A machine-rendered reading of the paper's core claim, the machinery that carries it, and where it could break.
Core claim
Fleet is a multi-level task model that maps computation to memory scopes by introducing Chiplet-tasks, which bind work and data to a chiplet and enable coordination through its shared L2 cache. Wavefront-level, CU-level, and device-level tasks align with existing abstractions, while Chiplet-tasks expose a previously unaddressed level of the hierarchy. Fleet is implemented as a persistent kernel runtime with per-chiplet scheduling, allowing workers within a chiplet to cooperatively execute tasks with coordinated cache reuse.
What carries the argument
Chiplet-tasks, an abstraction that binds computation and data to a single chiplet so that persistent workers can coordinate through the chiplet's private L2 cache.
If this is right
- Persistent kernel execution plus per-chiplet scheduling produces 1.3-1.5x lower decode latency than vLLM at batch sizes 1-8.
- Cooperative weight tiling inside Chiplet-tasks raises L2 hit rate from 12 percent to 54 percent at batch size 32 and from 39 percent to 61 percent at batch size 64.

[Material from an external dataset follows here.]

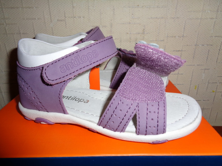 Сандалии Антилопа для девочки. Материал верха - натуральная кожа (нубук), внутренний материал - натуральная кожа. Стелька с супинатором.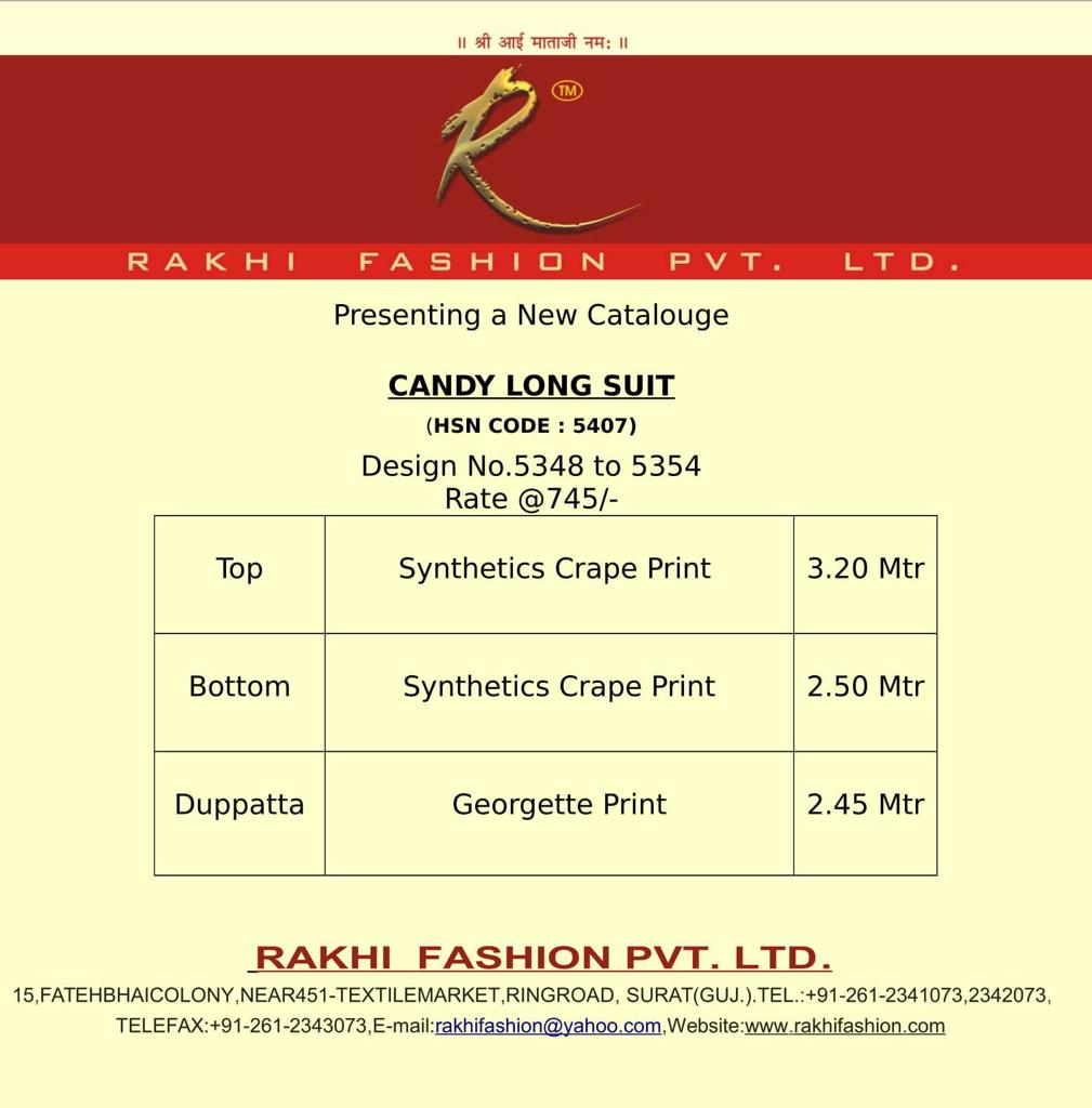 Buy Online Candy Long Suits By Rakhi 5348 Series Fancy Crepe Printed Salwar Kameez Catlog Wholesale Dealer Surat 14 Pcs of Full Catalogue at Wholesale Price. Looking for Candy Long Suits By Rakhi 5348 Series Fancy Crepe Printed Salwar Kameez Catlog Wholesale Dealer Surat Full Catalouge at Best Price? Buy Now Candy Long Suits By Rakhi 5348 Series Fancy Crepe Printed Salwar Kameez Catlog Wholesale Dealer Surat at Wholesale Rate of Rs 10430 with Total 14 Pcs from authroized dealer and supplier of Brand. Cost of Each piece is just only Rs 745 which is very low and affordable price to resale the product in your retail store ,This is Surat based Wholesale Supplier & Dealer of Brand. Click on Brand name to Know more about Brand's products.Call or Whatsapp on 9898838984 for booking or enquiry

- The same tiling cuts HBM traffic by as much as 37 percent.
- Overall, Fleet delivers 1.27-1.30x speedup over a chiplet-unaware megakernel baseline at larger batch sizes.
Where Pith is reading between the lines
- The same Chiplet-task binding could be applied to other memory-bound workloads such as graph analytics or scientific stencil codes that already use megakernels.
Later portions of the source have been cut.